■ **Extracted information**:
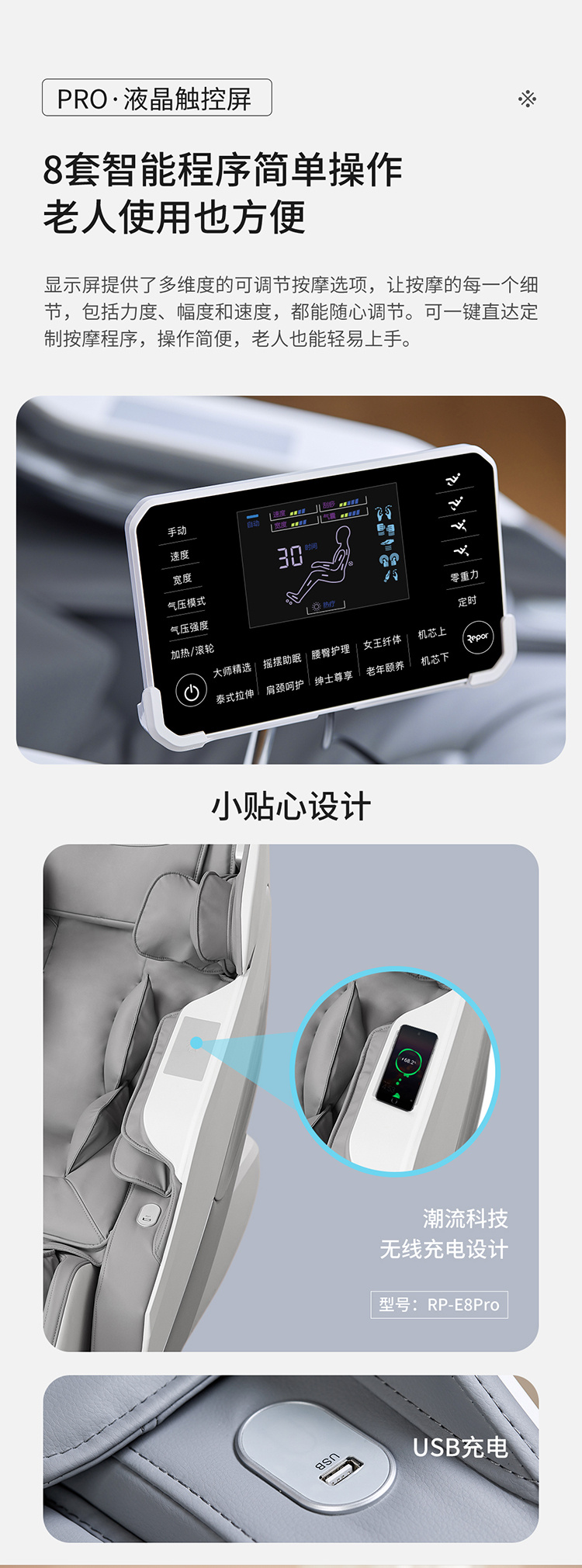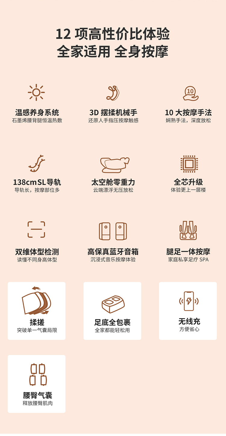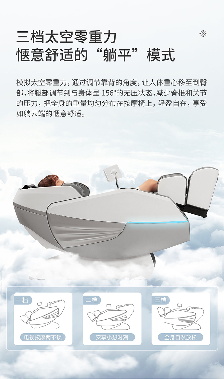 銳珀爾集十余年技術(shù)積累,傾力打造銳珀爾新款按摩椅4D穴感總裁椅,擁有全新的AI智能語音,小腿溫?zé)崛啻?、腳底震動、4D機械手等全新功能創(chuàng)新,智能健康體測,可以檢測血氧、心率、微循環(huán)等數(shù)值,通過大數(shù)據(jù)分析,給您提供合理的改善方法,時刻關(guān)注您的健康狀況;超大液晶智能觸控,專為總裁量身打造的特色按摩程序,20分鐘快速補充精力,多種按摩程序,滿足全家人的需求。
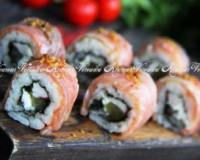 С помощью циновки свернуть нори с начинкой в плотный ролл так, чтобы рис оказался снаружи. Начинаем заворачивать со стороны, где край с рисом, а пустой край листа нори закрепляет ролл. С помощью циновки свернуть нори с начинкой в плотный ролл так, чтобы рис оказался снаружи. Начинаем заворачивать со стороны, где край с рисом, а пустой край листа нори закрепляет ролл.
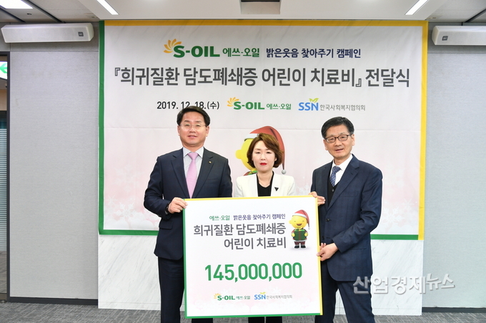 [산업경제뉴스 박진경 기자] S-OIL (대표 후세인 알 카타니)은 18일 서울 마포 본사에서 저소득가정 담도폐쇄증 어린이 치료비 1억 4천5백만원을 한국사회복지협의회에 전달했다. 이 기부금은 S-OIL 임직원 1천 800여 명이 매월 급여에서 1만원 미만의 우수리를 모아 조성한 기금이다.
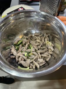 • Cortar la carne en larguitos delgados
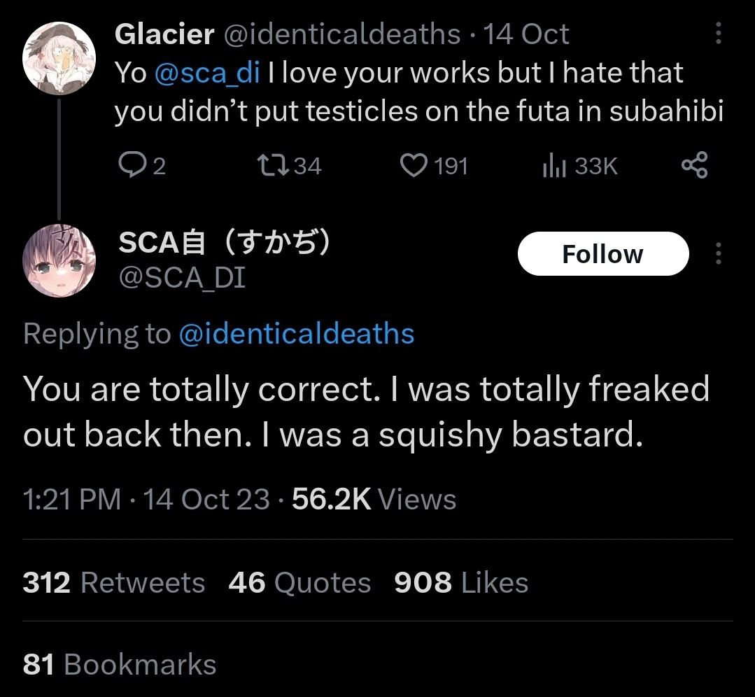 >>8326She needs to ditch the pov stuff and do an actual bl project, I like her characters and I enjoy the psychological aspects but it never goes as hard as I'd want it to.
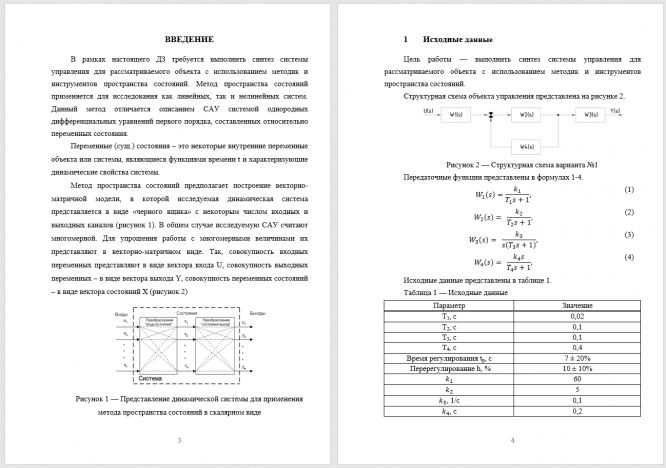 Синтез системы управления для рассматриваемого объекта с использованием методик и инструментов пространства состояний.
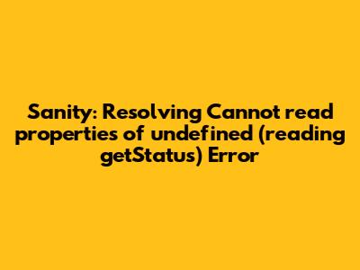 The TypeError: Cannot read properties of undefined (reading 'getStatus') error can be a challenging issue to resolve, but with a systematic approach to diagnosis and troubleshooting, you can effectively identify and fix the root cause. By understanding the error, implementing the appropriate solutions, and adopting proactive measures, you can minimize the risk of encountering similar errors in the future and ensure the stability and reliability of your Sanity-powered applications.
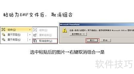 4、 粘贴图片后选中,右键选择取消组合,在弹出的对话框中点击是,即可将图片转为矢量形状。
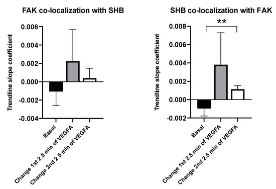 SHB and FAK co-localization by TIRF microscopy in lung endothelial cells (EC). Isolated primary EC growing on fibronectin-coated coverslips were transfected with eGFP-SHB and mCherry-FAK. Trendlines/slopes of co-localization were determined as in Figure 2 with basal (unstimulated) and VEGFA-stimulated values that were separated into the first and second 2.5-min periods after stimulation. Means ± SEM for six observations from four transfection experiments are given. ** indicates s p < 0.01 obtained from a Student’s t-test when compared with the basal value.
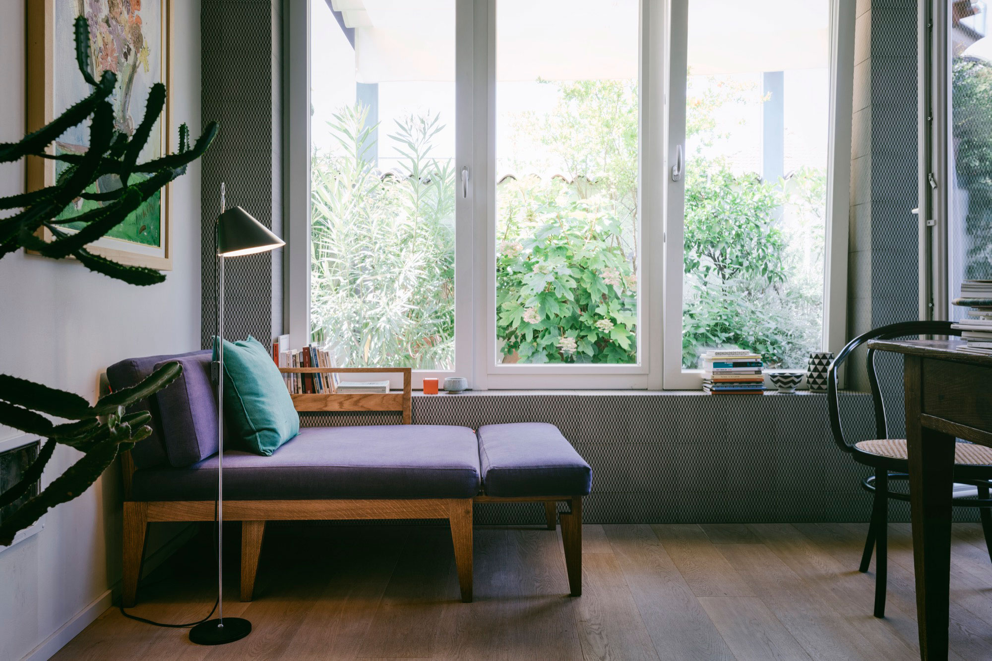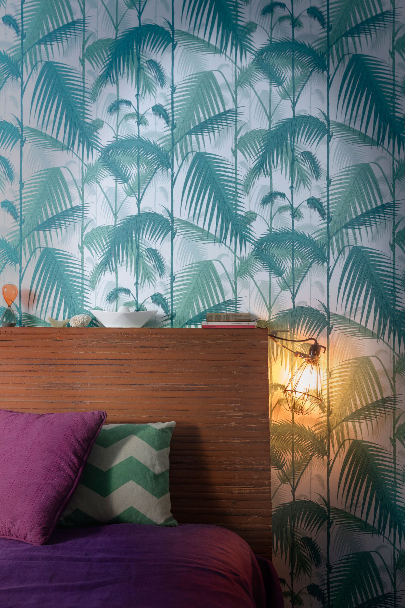 Accenti giocosi di dialogo fra interno ed esterno tornano nella stanza, in cui l’alcova è rivestita con una tappezzeria-giungla e la testiera del letto diventa lo schienale di una panchina.
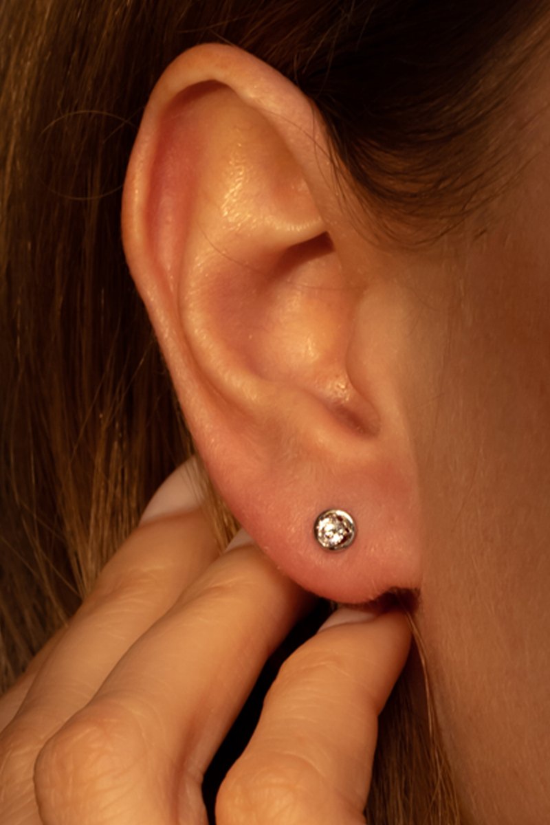Oorbellen van witgoud ingelegd met 1 zirkonia.
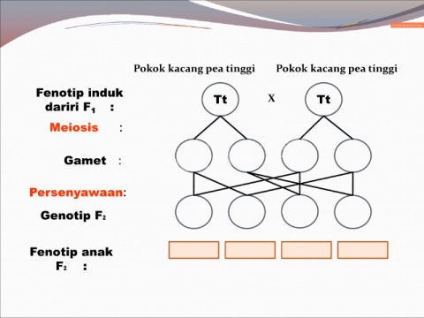 Pokok kacang pea tinggi Pokok kacang pea tinggi Fenotip induk Tt X Tt dariri F 1 : Meiosis : Gamet : Persenyawaan: Genotip F₂ Fenotip anak F₂ :
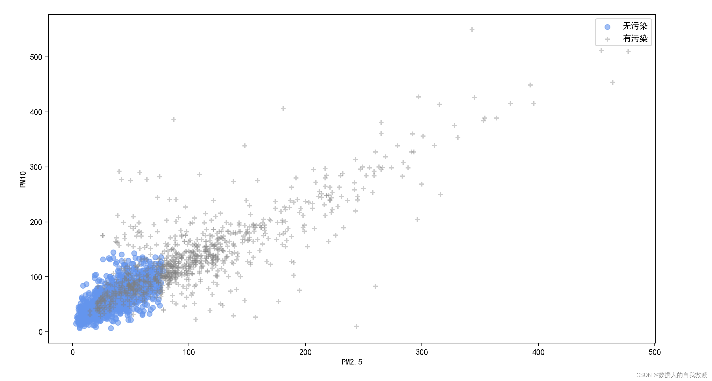 ax.scatter(data.loc[flag,'PM2.5'],data.loc[flag,'PM10'],c='cornflowerblue',marker='o',label='无污染',alpha=0.6)
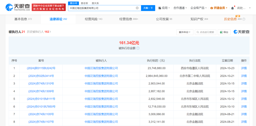 该公司现存21条被执行人信息,被执行总金额超161亿元

■ **Instructions for the task**: Print the material precisely as given, dropping any images it holds.

■ **Written response**:
 銳珀爾集十余年技術(shù)積累,傾力打造銳珀爾新款按摩椅4D穴感總裁椅,擁有全新的AI智能語音,小腿溫?zé)崛啻?、腳底震動、4D機械手等全新功能創(chuàng)新,智能健康體測,可以檢測血氧、心率、微循環(huán)等數(shù)值,通過大數(shù)據(jù)分析,給您提供合理的改善方法,時刻關(guān)注您的健康狀況;超大液晶智能觸控,專為總裁量身打造的特色按摩程序,20分鐘快速補充精力,多種按摩程序,滿足全家人的需求。
 С помощью циновки свернуть нори с начинкой в плотный ролл так, чтобы рис оказался снаружи. Начинаем заворачивать со стороны, где край с рисом, а пустой край листа нори закрепляет ролл. С помощью циновки свернуть нори с начинкой в плотный ролл так, чтобы рис оказался снаружи. Начинаем заворачивать со стороны, где край с рисом, а пустой край листа нори закрепляет ролл.
 [산업경제뉴스 박진경 기자] S-OIL (대표 후세인 알 카타니)은 18일 서울 마포 본사에서 저소득가정 담도폐쇄증 어린이 치료비 1억 4천5백만원을 한국사회복지협의회에 전달했다. 이 기부금은 S-OIL 임직원 1천 800여 명이 매월 급여에서 1만원 미만의 우수리를 모아 조성한 기금이다.
 • Cortar la carne en larguitos delgados
 >>8326She needs to ditch the pov stuff and do an actual bl project, I like her characters and I enjoy the psychological aspects but it never goes as hard as I'd want it to.
 Синтез системы управления для рассматриваемого объекта с использованием методик и инструментов пространства состояний.
 The TypeError: Cannot read properties of undefined (reading 'getStatus') error can be a challenging issue to resolve, but with a systematic approach to diagnosis and troubleshooting, you can effectively identify and fix the root cause. By understanding the error, implementing the appropriate solutions, and adopting proactive measures, you can minimize the risk of encountering similar errors in the future and ensure the stability and reliability of your Sanity-powered applications.
 4、 粘贴图片后选中,右键选择取消组合,在弹出的对话框中点击是,即可将图片转为矢量形状。
 SHB and FAK co-localization by TIRF microscopy in lung endothelial cells (EC). Isolated primary EC growing on fibronectin-coated coverslips were transfected with eGFP-SHB and mCherry-FAK. Trendlines/slopes of co-localization were determined as in Figure 2 with basal (unstimulated) and VEGFA-stimulated values that were separated into the first and second 2.5-min periods after stimulation. Means ± SEM for six observations from four transfection experiments are given. ** indicates s p < 0.01 obtained from a Student’s t-test when compared with the basal value.
 Accenti giocosi di dialogo fra interno ed esterno tornano nella stanza, in cui l’alcova è rivestita con una tappezzeria-giungla e la testiera del letto diventa lo schienale di una panchina.
Oorbellen van witgoud ingelegd met 1 zirkonia.
 Pokok kacang pea tinggi Pokok kacang pea tinggi Fenotip induk Tt X Tt dariri F 1 : Meiosis : Gamet : Persenyawaan: Genotip F₂ Fenotip anak F₂ :
 ax.scatter(data.loc[flag,'PM2.5'],data.loc[flag,'PM10'],c='cornflowerblue',marker='o',label='无污染',alpha=0.6)
 该公司现存21条被执行人信息,被执行总金额超161亿元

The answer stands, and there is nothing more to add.